Leaving out the images, transcribe every record below exactly.

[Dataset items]
========
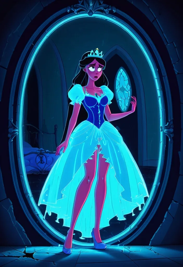 A magical fairytale style image of Alice , walking down a black and white harlequin checkered pathway in a magical neon Wonderland. Different types of flowers glow vibrantly in all colours of the rainbow along the path that leads to a magical Disney style castle in the distance. Coloured fairy lights hang from the trees , and the castle glows a brilliant shade of purple and blue. Fireworks fill the night sky , shimmering down on the castle below. highly-detailed , fantasy , whimsical , vivid colours , glowing , neon ,
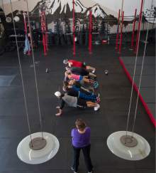 Jami Wright climbs with her husband, Colby Wright, during the fourth annual online drive for nonprofit donations, dubbed Love UT Give UT, at the gym Fit To Recover in Salt Lake City, Thursday, March 31, 2016. The gym, designed for people recovering from drug and alcohol addiction, offered its members and their friends and family the chance to work out for money. Last year, Fit To Recover raised $3,000 through 30,000 burpees, situps, push-ups, etc. Love UT Give UT raised over $1.2 million for nearly 500 charities during its daylong drive in 2015 and hoped to raise $1.6 million in 2016.
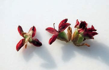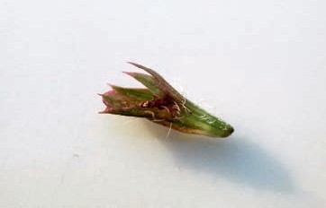 8 Der blütenblattähnliche Blütenkelch läuft in 4 braunrote Zipfel aus.
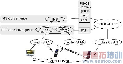 ● 控制层面的融合:由统一的核心网络支持固定接入和移动接入,例如基于统一IMS网络,UMA中基于jiyu GSM/UMTS的方式。
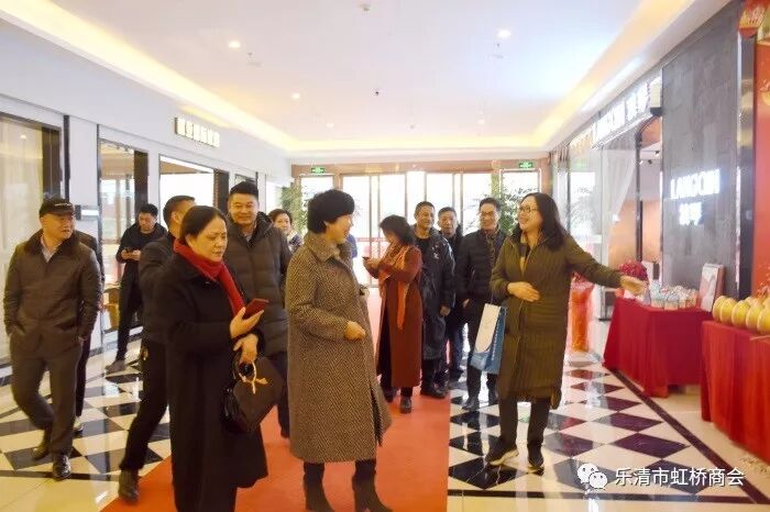 在乐清金虹桥市场管理有限公司,总经理庄再余带领大家参观了已经开放的商场,经介绍了解到商场在2016年开始建设2017年建成,2018年1月1日试营业,主要加盟的商户类型是家具和建材行业,他对大家的到来表示欢迎,同样表示加入虹桥商会这个大家庭非常幸运。
========
• [SOLUTION TO THE PROBLEM]
 A magical fairytale style image of Alice , walking down a black and white harlequin checkered pathway in a magical neon Wonderland. Different types of flowers glow vibrantly in all colours of the rainbow along the path that leads to a magical Disney style castle in the distance. Coloured fairy lights hang from the trees , and the castle glows a brilliant shade of purple and blue. Fireworks fill the night sky , shimmering down on the castle below. highly-detailed , fantasy , whimsical , vivid colours , glowing , neon ,
 Jami Wright climbs with her husband, Colby Wright, during the fourth annual online drive for nonprofit donations, dubbed Love UT Give UT, at the gym Fit To Recover in Salt Lake City, Thursday, March 31, 2016. The gym, designed for people recovering from drug and alcohol addiction, offered its members and their friends and family the chance to work out for money. Last year, Fit To Recover raised $3,000 through 30,000 burpees, situps, push-ups, etc. Love UT Give UT raised over $1.2 million for nearly 500 charities during its daylong drive in 2015 and hoped to raise $1.6 million in 2016.
 8 Der blütenblattähnliche Blütenkelch läuft in 4 braunrote Zipfel aus.
 ● 控制层面的融合:由统一的核心网络支持固定接入和移动接入,例如基于统一IMS网络,UMA中基于jiyu GSM/UMTS的方式。
 在乐清金虹桥市场管理有限公司,总经理庄再余带领大家参观了已经开放的商场,经介绍了解到商场在2016年开始建设2017年建成,2018年1月1日试营业,主要加盟的商户类型是家具和建材行业,他对大家的到来表示欢迎,同样表示加入虹桥商会这个大家庭非常幸运。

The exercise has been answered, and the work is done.